*Task goal*
What is the number of lines in the listing below that contain the string "head"? Give that number only.

Raw data Start Marker

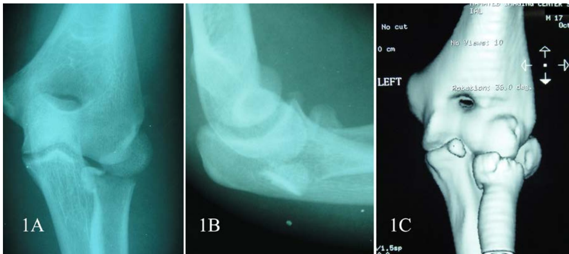
1. A &B. Anteroposterior and lateral radiography of radial head fracture in terrible triad. C. The same elbow CT scan.

In nine cases radial heads were fixed by mini-fragment 2 and 2.7mm T plates (Fig. 1. A, B, C, D, &E). The screw was applied to fix 4 radial head fractures as the only fixation device. Two small type I fractures were conservatively managed. They were neither resected nor reconstructed. One fracture was managed by arthroplasty (Fig. 2. A&B). The left three radial heads could not be restored and were resected. We could not perform arthroplasty in these cases due to unavailability of prosthesis at the operation time.
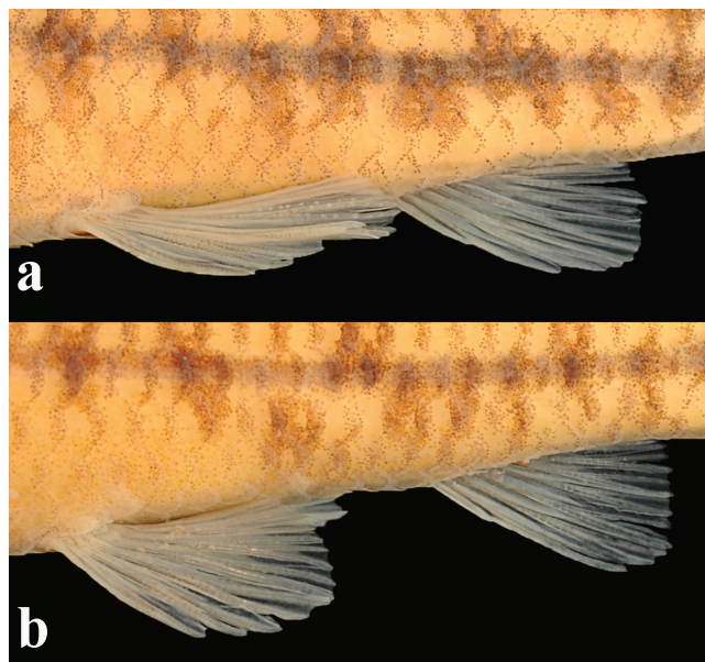
Fig. 6. Pelvic and anal fins of Characidium deludens , paratypes, UFBA 3850: (a) male, 35.3 mm SL, and (b) female, 36.1 mm SL.

Sexual dimorphism. Small bony hooks on pelvic fins were observed in 18 mature males of Characidium deludens , around 34.0 mm SL or larger (Fig. 6a). Well-developed hooks are distributed usually over distal half of 2 nd to 4 th branched rays but four specimens have also hooks on 1 st branched ray. In large mature males hooks are more numerous on 3 rd and 4 th rays, with around 20 hooks dorsally directed; 1 st and 2 nd with a few similar hooks. Hooks on maturing males occur in lower number and are distributed solely on distal 3 rd of pelvic rays. The mature females examined had no bony hooks on any of fins. Along with the presence of hooks, mature males have 3 rd to 5 th branched pelvic-fin rays somewhat more elongate than in females, reaching or almost reaching anal-fin origin when adpressed (Fig. 6a). Females of similar size possess a more rounded pelvic-fin border, distant from anal-fin origin when adpressed (Fig. 6b).

Raw data End Marker

*Exercise result*
2